Real scientists know that mechanistic science of genetic reductionism is inaccurate and flawed. Deeper research has led to the emergent field of epigenetics. Epigenetic mechanisms can edit the read out of a gene so as to create over 30,000 different variations of proteins for the same gene blueprint. Epigenetic describes how gene activity and cellular expression are regulated by information from the environment, not by the internal matter of DNA.

The limitation at a higher systems level is even more serious. Bt brinjal is being offered as a pest control solution. A gene for producing a toxin is being put into the plant, along with antibiotic resistance markers and viral promoters. This is like using an earth-mover to make a hole in the wall of your house for hanging up a painting. Like the earth-mover will destroy the wall, the transgenic transformation will disrupt the metabolism and self regulatory processes of the organism.

Genetic engineering is ‘high tech’ like the earth-mover, but it is also crude tech for the sensitive task of maintaining the ecological fabric of agriculture to control pests. Pests are controlled through biodiversity, through organic practices which build resilience to pests and disease. In Andhra Pradesh, a government project for non-pesticide management has covered 14 lakh acres.

The scientific alternative to the crude tech of putting toxic genes into our food is agro ecology. The International Assessment on Agricultural Science and Technology Development has recognised from a global survey of peer reviewed studies that agro ecology based systems outperform farming systems using genetic engineering.

Epigenetics and agro ecology are the sciences for the future. Reductionist biology is a primitive science of the past.

Our decisions about food and agriculture need to be based on the best of science, not the worst of science.

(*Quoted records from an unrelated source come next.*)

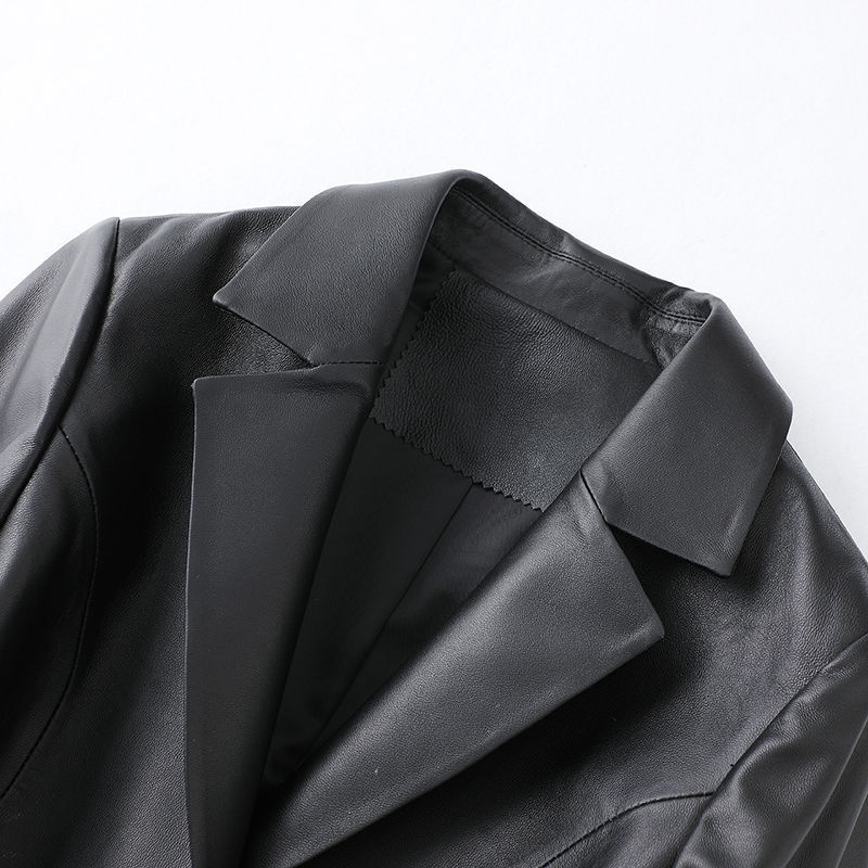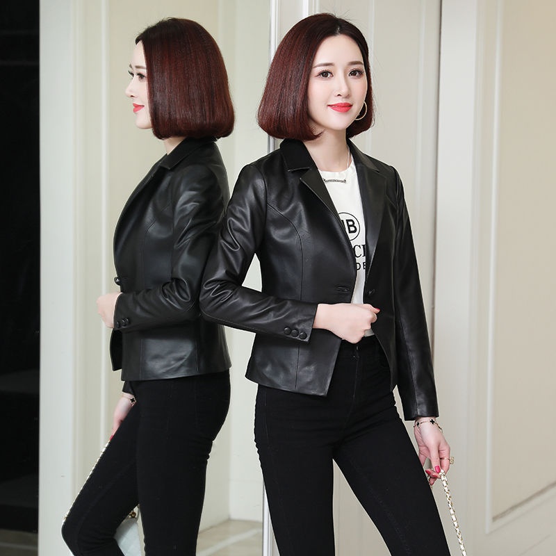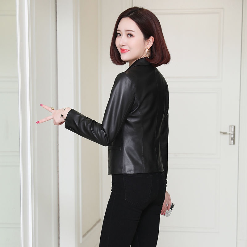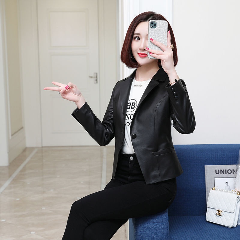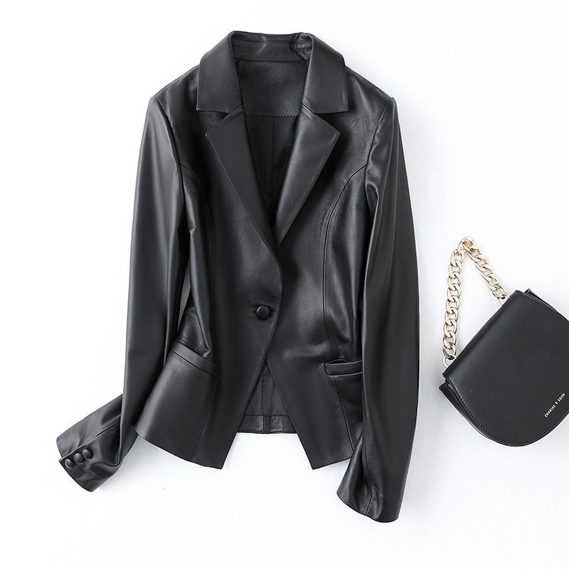 Sheepskin Spring Haining Genuine Leather Jacket Women's Short Small Suit Korean Style Slim Single Leather Jacket
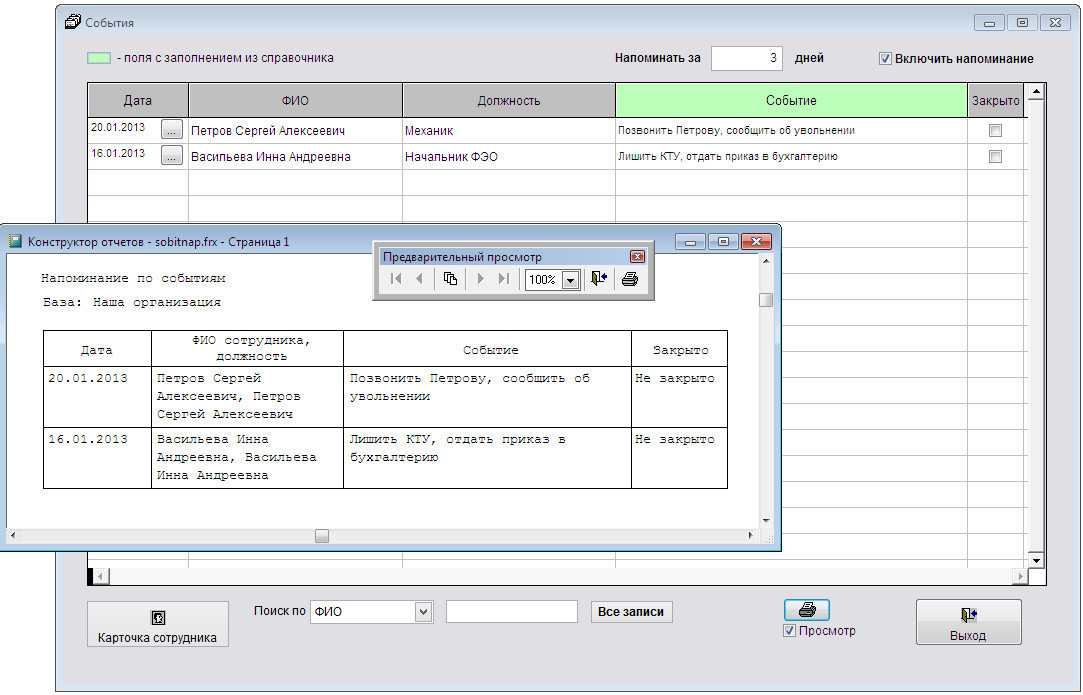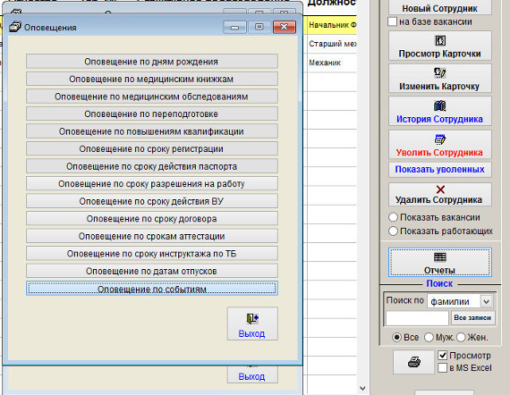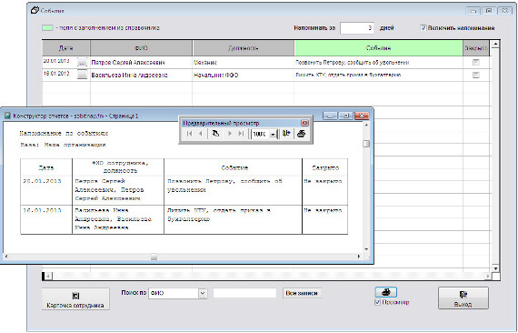 Если в разделе Отчеты-Оповещения-Напоминание о событиях установлена галочка "Включить напоминание", то при запуске модуля Сотрудники откроется окно оповещения о событиях.
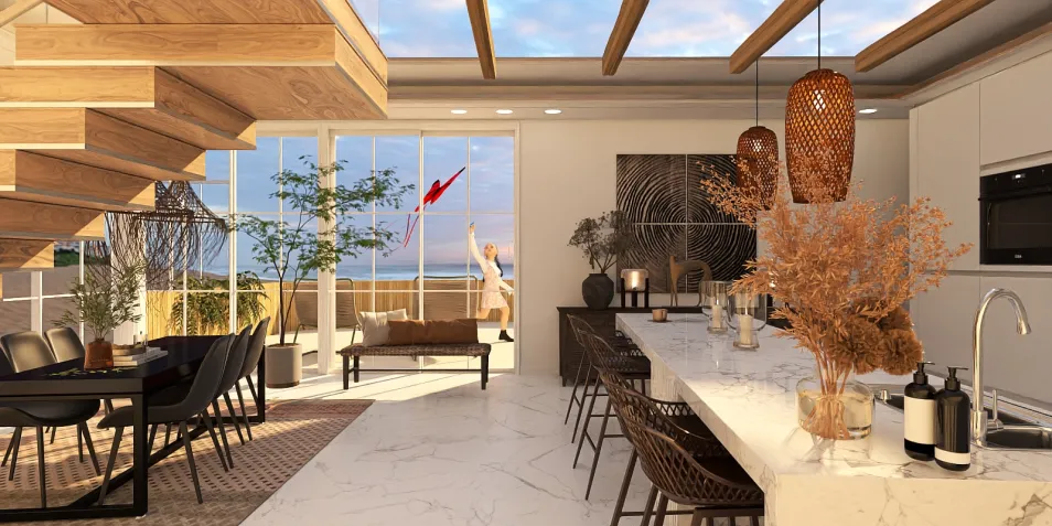 Mixing light and dark wooden tones on a white canvas. Light floods this family orientated dining/kitchen with ocean view.🌊
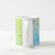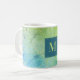 Esta taza de café ofrece un diseño elegante en verde azulado y verde y se acentúa con líneas geométricas de purpurina falso verde claro. Una caja verde azulada oscura, en el centro, ofrece un monograma personalizado.

They definitely should not be based on a crude technology parading as science.

Because we are what we eat, and food enters our bodies, citizens must have a choice about what they eat. The democratisation of science and decision making has become an imperative. All human beings are knowing subjects and in a democracy people’s choices must count.

That is why the public hearings on Bt brinjal were a democratic imperative. Those who say our food choices must be left to biotech technicians are working against both science and democracy.